About the job
At Rhoda AI, we are pioneering the development of a comprehensive full-stack platform for the next generation of humanoid robots. Our innovative approach encompasses high-performance, software-defined hardware along with foundational and video world models that empower our robotic systems. Our robots are engineered as versatile generalists, adept at navigating intricate, real-world scenarios, including those not encountered during training. Collaborating with a distinguished research team from Stanford, Berkeley, Harvard, and other leading institutions, we operate at the forefront of large-scale learning, robotics, and systems engineering. With over $400M in funding, we are aggressively investing in research and development, hardware innovation, and scaling up manufacturing to bring our vision to life.

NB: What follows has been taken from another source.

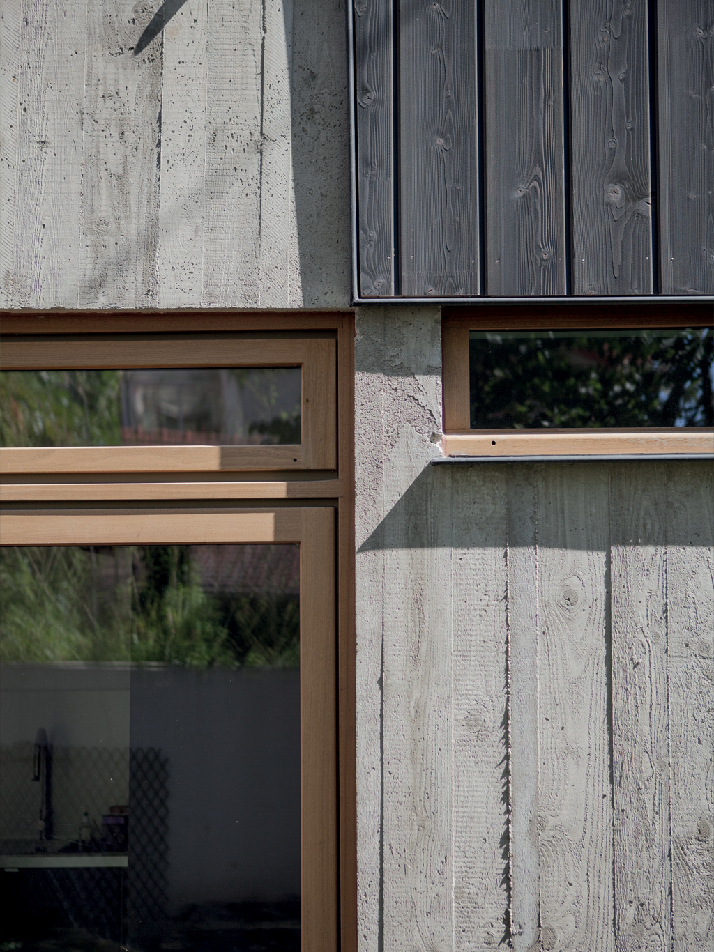 Les deux niveaux s’opposent, sans manichéisme. Alors que le premier est laissé nu ; le second est recouvert d’un bardage protecteur. Mais, marqué par l’empreinte des planches de coffrage, le béton gris cousine avec le bois noir du bardage. Des fenêtres horizontales indiquent le caractère intime de l’étage. Au contraire, la succession des châssis verticaux, qui tous descendent au ras du sol et pour certains coulissent, accorde à la terrasse le rang de pièce à vivre, à l’égal du salon. Ressortant particulièrement sur le gris et le noir, les huisseries et les brise-soleils dessinent sur les façades une trame orthogonale discontinue et plus ou moins serré.

We are on the lookout for a Staff / Principal Machine Learning Engineer to take charge of our training platform. This pivotal system is essential for ensuring that large-scale training is reliable, reproducible, and straightforward to execute. You will play a crucial role in defining the lifecycle of training jobs, including their launch, tracking, recovery, and debugging across our clusters. Your contributions will enable researchers to innovate rapidly without infrastructure hindrances.
In this role, you will be at the heart of enhancing research efficiency: when a training job fails, your system will allow for automatic recovery; when experiments become challenging to reproduce, you will implement effective solutions; and when GPU hours are squandered, you will ensure visibility and preventative measures are in place.